Ultrasonographic classification for evaluating malignant risk of cervical lymphadenopathy
10.13929/j.issn.1003-3289.2020.04.011
- VernacularTitle: 超声分级诊断评估颈部肿大淋巴结恶性风险
- Author:
Xiaorong WANG
1
Author Information
1. Department of Ultrasound, the First Affiliated Hospital of Xinjiang Medical University
- Publication Type:Journal Article
- Keywords:
Lymph nodes;
Malignant risk;
Neck;
Ultrasonography
- From:
Chinese Journal of Medical Imaging Technology
2020;36(4):524-528
- CountryChina
- Language:Chinese
-
Abstract:
Objective: To establish ultrasonographic (US) classification criterion for evaluating malignant risk of cervical enlarged lymph nodes (LN). Methods: Four US indexes of 882 cervical enlarged LN were retrospectively studied, including echogenicity of hilum, intranodal echogenicity, intranodal vascular pattern and the ratio of long axis to short axis (L/S),and each LN was given scores. US classification criterion was proposed according to the differences of the percentage of malignant LN in each score group. Results: The score range of US criterion was from 0 to 7. The percentage of malignant LN increased with the scores increasing (P<0.05), so did OR values of malignant risk.
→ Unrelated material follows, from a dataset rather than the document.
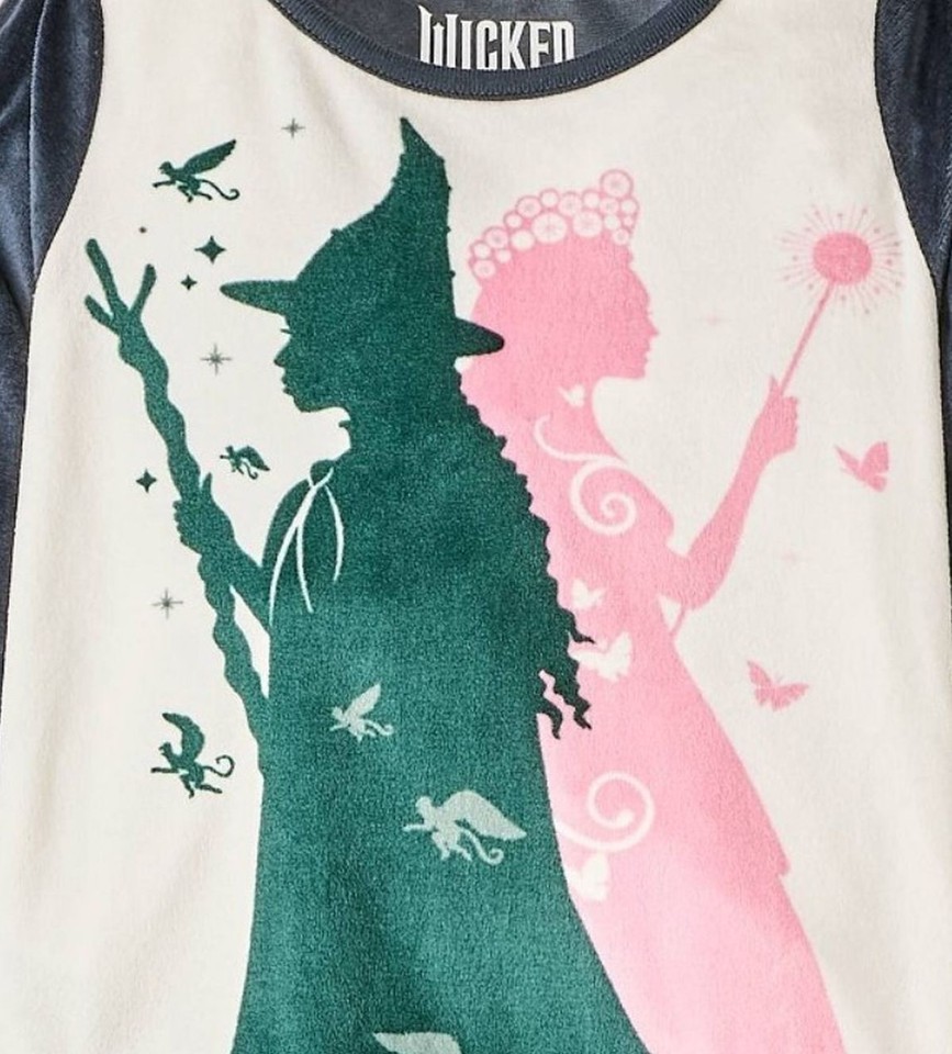 She can enjoy her fandom for Wicked in cozy comfort and style with this two-piece pajama set.The set includes a long-sleeve sleep shirt, pajama pants, and fuzzy socks, all crafted from super soft brushed fleece for exceptional warmth and softness. The pajama top features a pink and green graphic of Glinda and Elphaba, while the PJ pants showcase an all-over print of butterflies, flying monkeys, and other Wicked-themed designs against a gray backdrop. The coordinating fuzzy socks are solid pink on one foot and solid green on the other, complete with soft grippers on the soles for added comfort. Made of 100% polyester.

US classification diagnostic criterion for cervical enlarged LN was as follows: grade 1 (0 score), very low malignant risk, malignant percentage was less than 3.70%; grade 2 (1-2 score), low malignant risk, malignant percentage was (14.91±4.63)%; grade 3 (3-4 score ), moderate malignant risk, malignant percentage was (43.89±0.64)%; grade 4 (5-7 score), high malignant risk, malignant percentage was (77.84±9.15)%. Taken "grade 4" as the cut-off value for differentiating benign and malignant LN, the sensitivity was 78.97%, specificity was 72.51%, Youden's index was 0.515,accuracy was 76.08%, and the AUC was 0.791. Conclusion: US classification based on US score criterion can differentiate benign and malignant LN and evaluate the malignant risk of cervical enlarged LN.